Monday, May 4, 2009

Being Eve..


Often I wonder, If the things we tell our daughters are the things we would really like them to take to heart and follow. Or are we just carrying on without thinking, a timeless tradition of rules. As a daughter, and a kid, It was grilled into me that I am in no way less than any of the boys I study with, or play with. Being the only child, I had no competition at home. But mom was dexterous in finding enough competition for me outside. Studies being of paramount importance to the generation I belonged, I had to ensure that I was amongst the cream of the class. Her reason being, "So what if she's a girl? What difference is there between a girl and a boy in today's world? Girls can beat boys in any stream they choose to. They have the capacity to shine as much as the boys do." It was all good, this feminism and strife for success. But just a few years down the line, her lines changed. Now it said things like, "Career and all is fine, but you are a woman, a homemaker. Your foremost priority is to nurture your family and bring up good kids. You have to be the wind beneath your husband's wings, push him to reach heights. After all this if you have the time left in your hands you can do something work wise." Now this got me utterly confused.

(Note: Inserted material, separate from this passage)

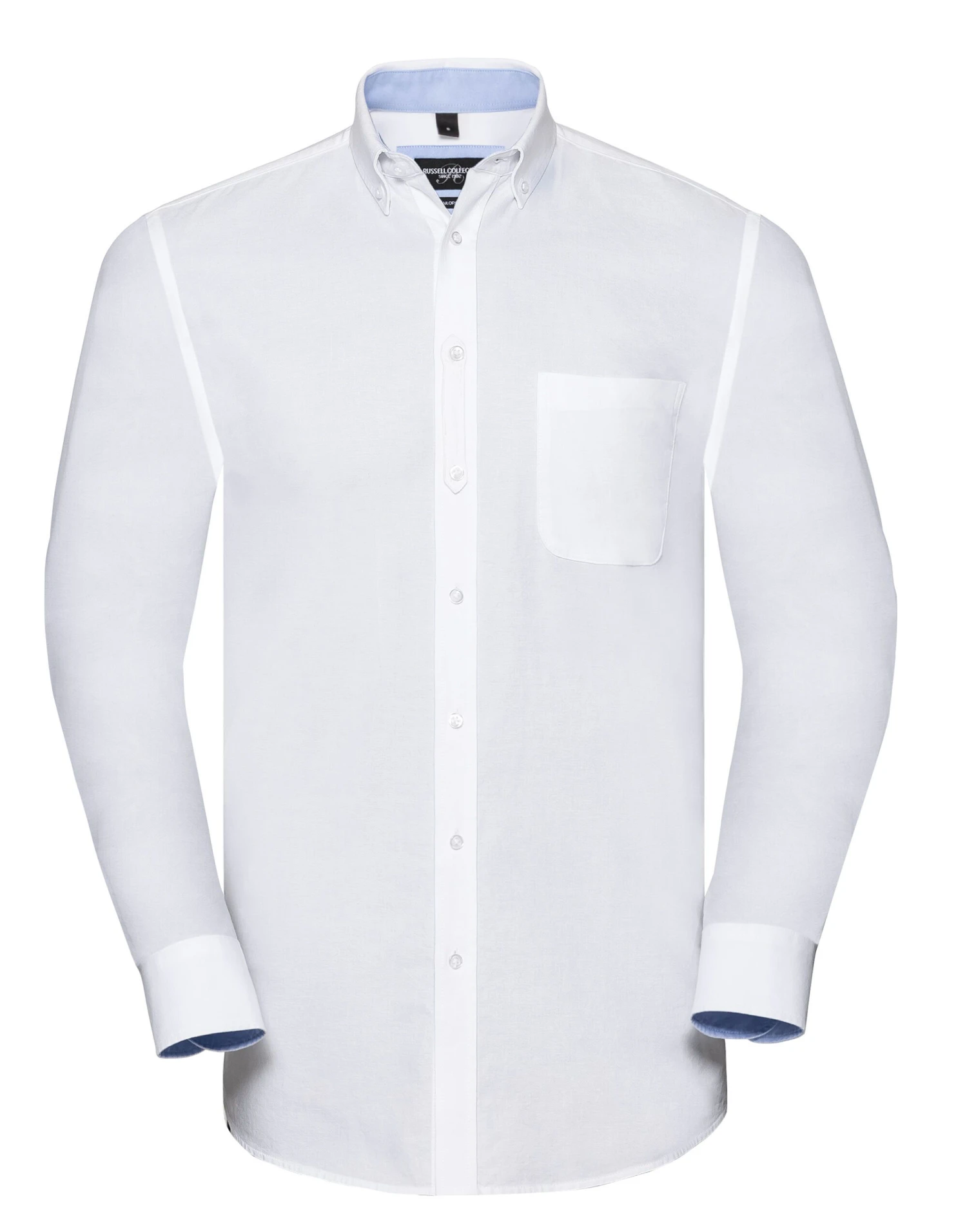 Russell Collection Mens Long Sleeve Tailored Washed Oxford Shirt

Here was my mother, who made me score the highest in each subject to outshine the boys of my class, only to tell me later that I got to be the wind beneath their blasted wings?? What about my wings? The ones I had carved based on her faith in my capacity?

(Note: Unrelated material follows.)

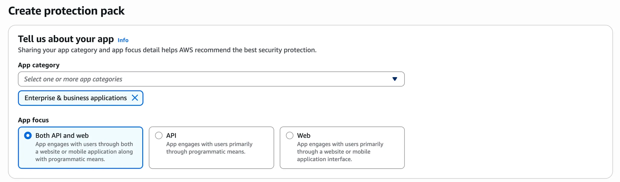 1. AWS 콘솔에서 WAF > Create protection pack을 선택한다(이전 버전의 WAF 콘솔이라면 Create ACL). App Category는 적당히 선택한다.

This is not only me, but the feelings of a lot of women who are my contemporaries. We were brought up on the myth of feminism and the moment we were set to fly, our wings were clamped to the role of a model homemaker. Believe me, I have nothing against being a homemaker. Its the most gruelling and the most thankless job, if ever there was one. Also the most soul satisfying hugs come from here. But the training for this job is not what we got. The mindset was not made, We were not taught how to adapt to a new family, a new household, we were told to compete with boys and win. Careerist role models were pointed out to us. Indira Gandhi and kiran bedi were pointed out to us. Why didn't my mother let me take a closer look at her lifestyle?

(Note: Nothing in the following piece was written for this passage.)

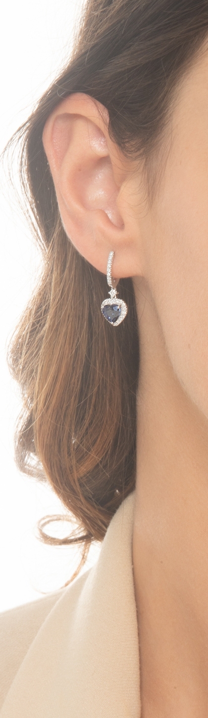 Earrings in white gold 18k with diamonds and blue sapphires heart cut, 6x6 mm

I am a mother now and and maybe on the threshold of repeating the same mistakes. I see the world changing around me, from the time I was a kid. Now probably marriage is beyond the realm of parental influence. to marry or not, when to do so, if at all , and with whom, is a decision that I am sure would not include me. Life is becoming tougher and the family is taking the brunt. But I hope that I stay away from giving my daughter confused theories about feminism. I am a staunch believer in the roles of man and woman. They were made different for a reason and they remain their best when they perform the roles they were intended to. Does that mean A girl should not pursue a rewarding career? Or does it mean that a man can never be a homemaker? It doesn't mean either. It just means that each individual should be equipped to do whatever it takes to overcome hurdles and live life to the best of their ability. It just means that you should be in a role that's most suitable to your core as a human being. To lead a life that gives peace and contentment at the end of the day. I hope I educate my daughter for the bliss of knowledge and not for a thriving career that she might have to unwillingly sacrifice at the altar of marriage.